View automatically generated sqlldr. log
There are the following errors.
Column Name Position Len Term Encl Datatype
--------------------------------------------------------------------------
Id first *, CHARACTER
OBJECT_ID NEXT *, CHARACTER
OBJECT_NAME NEXT *, CHARACTER
OBJECT_TYPE NEXT *, CHARACTER
Record 1: Rejected-Error on table TT, column OBJECT_TYPE.
Field in data file exceeds maximum length
Record 2: Rejected-Error on table TT, column OBJECT_TYPE.
Field in data file exceeds maximum length
Record 3: Rejected-Error on table TT, column OBJECT_TYPE.
Field in data file exceeds maximum length
Record 4: Rejected-Error on table TT, column OBJECT_TYPE.
Field in data file exceeds maximum length
After trying for a while, we finally found that the length setting for the set linesize was relatively large. when parsing Based on commas, the length of the last field contains the remaining space. When it is loaded, it will be found that the length is too large. The length of the table is exceeded.

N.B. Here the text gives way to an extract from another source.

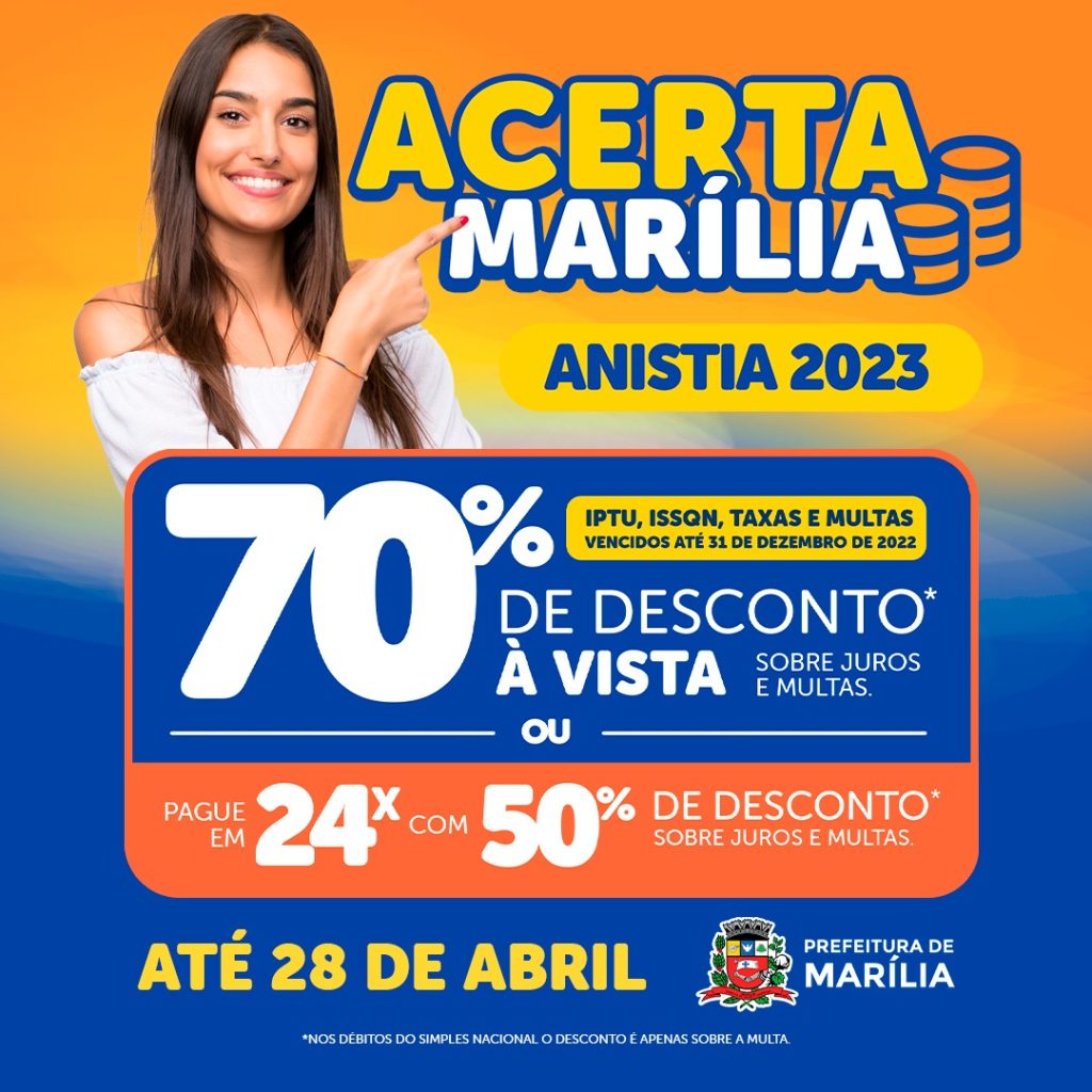 A segunda fase da anistia 2023, o Programa de Regularização de Débitos da Prefeitura Municipal de Marília, continua até o próximo dia 28 de abril. Conforme informações do secretário municipal da Fazenda, Ramiro Bonfietti, nesta nova fase o contribuinte terá direito a 70% de desconto sobre juros e multas se optar pelo pagamento à vista. “Conforme estabelecido pela Lei Complementar 956/2023, a anistia 2023 é destinada aos contribuintes com débitos vencidos até 31 de dezembro de 2022”, explicou. O desconto de 70% de juros e multas no pagamento à vista é válido também para dívidas junto ao Departamento de Água e Esgoto de Marília (Daem) e Emdurb (Empresa de Mobilidade Urbana de Marília). Contribuinte que desejar regularizar e ficar adimplente, pode agendar o atendimento no Ganha Tempo Municipal, através do link: https://agendamento.marilia.sp.gov.br/cidadao/login. O Ganha Tempo fica na avenida das Indústrias, nº 294, ao lado do Procon, centro, e funciona de segunda a sexta-feira, das 8h às 17 horas. Mais informações podem ser obtidas através do WhatsApp (14) 3402-6000.

In this case, I cannot specify the length one by one.
At this time, I thought of the trimspool function and tried to make it work.
The spooldata. sh script content is as follows:
Sqlplus-s $1 <EOF
Set pages 0
Col object_name format a30
Set linesize 10000
Set trimspool on
Set feedback off
Set colsep ','
Spool $ 2.lst
Select * from $2 where rownum <20;
Spool off;
EOF
If you try to import the file again, there will be no problem.

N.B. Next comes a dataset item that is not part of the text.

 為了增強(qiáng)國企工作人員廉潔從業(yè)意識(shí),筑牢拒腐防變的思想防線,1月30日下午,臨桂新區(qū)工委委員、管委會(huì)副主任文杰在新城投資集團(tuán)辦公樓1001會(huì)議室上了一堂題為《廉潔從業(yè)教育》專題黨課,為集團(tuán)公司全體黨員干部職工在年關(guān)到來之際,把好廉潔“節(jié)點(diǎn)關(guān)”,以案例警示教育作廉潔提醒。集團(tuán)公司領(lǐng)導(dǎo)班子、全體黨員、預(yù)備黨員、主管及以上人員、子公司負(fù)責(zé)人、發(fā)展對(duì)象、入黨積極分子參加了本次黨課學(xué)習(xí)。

[Ora11g @ rac1 sqlldr] $ sqlldr n1/n1 control = sqlldr. ctl data = t. lst
SQL * Loader: Release 11.2.0.3.0-Production on Tue May 27 08:14:44 2014
Copyright (c) 1982,201 1, Oracle and/or its affiliates. All rights reserved.
Commit point reached-logical record count 19
So far, let's start to see how much Performance Improvement the direct method has.
The following table lists the testing results of nearly 0.8 million data records.
When the direct method is not used, data will be loaded at a certain frequency (50 records by default), which takes 79 seconds, and 10 thousand data records will be uploaded in one second.
Commit point reached-logical record count 793480
Commit point reached-logical record count 793544
Commit point reached-logical record count 793608
Commit point reached-logical record count 793672
Commit point reached-logical record count 793736
Commit point reached-logical record count 793800
Commit point reached-logical record count 793864
Commit point reached-logical record count 793928
Commit point reached-logical record count 793992
Commit point reached-logical record count 794056
Commit point reached-logical record count 794120
Commit point reached-logical record count 794184
Commit point reached-logical record count 794248
Commit point reached-logical record count 794312
Commit point reached-logical record count 794369
However, when direct = true is used, the speed is significantly improved, and the output is also very simple, just the following line. It takes 8 seconds to process 0.1 million data records in one second.
8 s
[Ora11g @ rac1 sqlldr] $ sqlldr n1/n1 direct = true control = sqlldr. ctl data = t. lst
SQL * Loader: Release 11.2.0.3.0-Production on Tue May 27 07:56:31 2014
Copyright (c) 1982,201 1, Oracle and/or its affiliates. All rights reserved.
Load completed-logical record count 794369.